* WHAT THE EXERCISE ASKS: Find the line below with "Silence fell over" and the line with "A full fitting". Output them and the lines between, exactly, but not the pictures.

* INPUT DATA:

----------

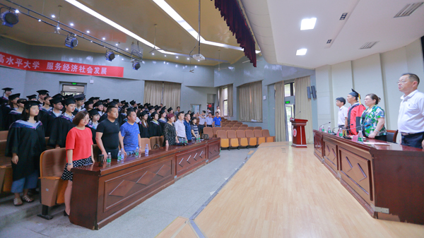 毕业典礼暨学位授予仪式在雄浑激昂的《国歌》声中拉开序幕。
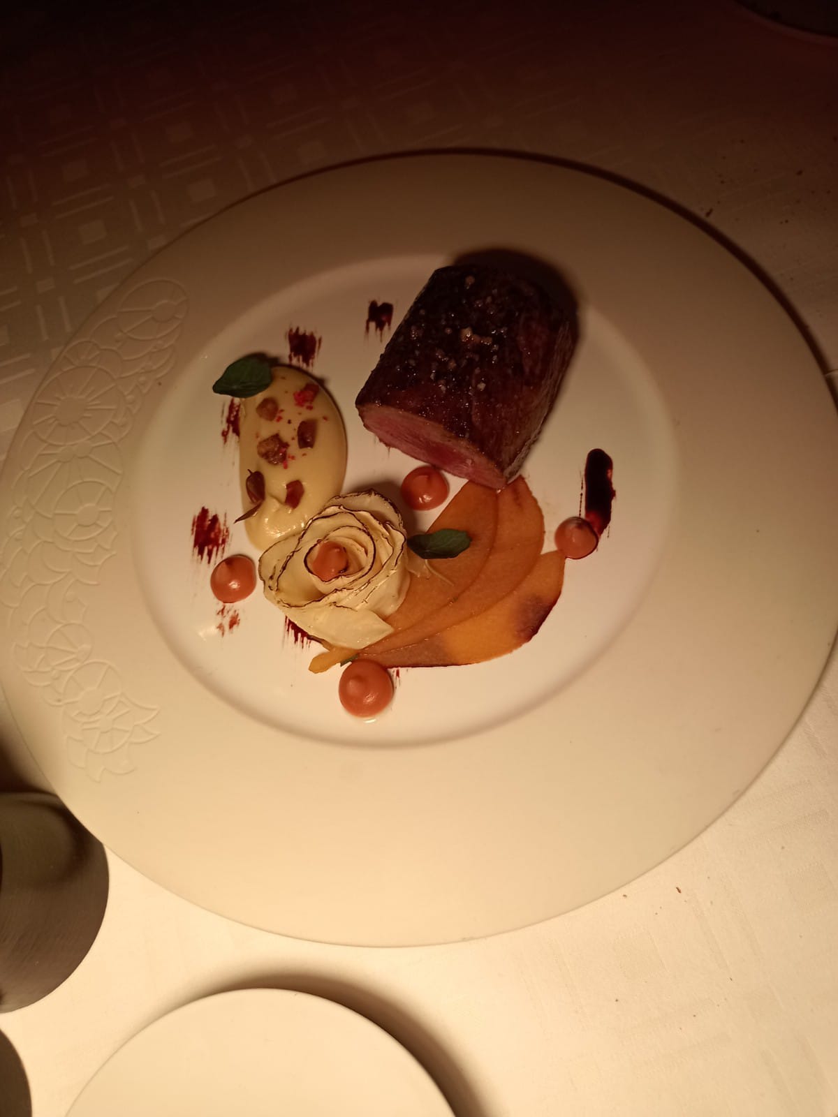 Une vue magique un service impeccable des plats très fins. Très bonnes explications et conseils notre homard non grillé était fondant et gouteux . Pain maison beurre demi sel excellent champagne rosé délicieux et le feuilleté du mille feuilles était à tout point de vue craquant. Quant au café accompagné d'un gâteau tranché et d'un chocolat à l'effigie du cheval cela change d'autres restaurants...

----------

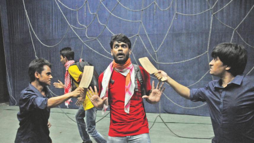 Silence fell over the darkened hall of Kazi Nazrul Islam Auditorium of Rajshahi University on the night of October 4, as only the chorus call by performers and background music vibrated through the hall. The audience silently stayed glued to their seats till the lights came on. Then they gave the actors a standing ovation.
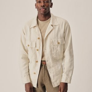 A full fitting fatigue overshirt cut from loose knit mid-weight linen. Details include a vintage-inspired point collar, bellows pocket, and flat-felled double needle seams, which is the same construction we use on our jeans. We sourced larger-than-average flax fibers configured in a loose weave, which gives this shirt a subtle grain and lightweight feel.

----------

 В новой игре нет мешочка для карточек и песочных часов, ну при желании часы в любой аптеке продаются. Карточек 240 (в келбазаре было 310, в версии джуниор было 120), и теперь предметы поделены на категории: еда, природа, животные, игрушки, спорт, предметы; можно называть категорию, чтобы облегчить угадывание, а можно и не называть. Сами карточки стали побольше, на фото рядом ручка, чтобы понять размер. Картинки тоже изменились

----------

* TASK RESPONSE:
 Silence fell over the darkened hall of Kazi Nazrul Islam Auditorium of Rajshahi University on the night of October 4, as only the chorus call by performers and background music vibrated through the hall. The audience silently stayed glued to their seats till the lights came on. Then they gave the actors a standing ovation.
 A full fitting fatigue overshirt cut from loose knit mid-weight linen. Details include a vintage-inspired point collar, bellows pocket, and flat-felled double needle seams, which is the same construction we use on our jeans. We sourced larger-than-average flax fibers configured in a loose weave, which gives this shirt a subtle grain and lightweight feel.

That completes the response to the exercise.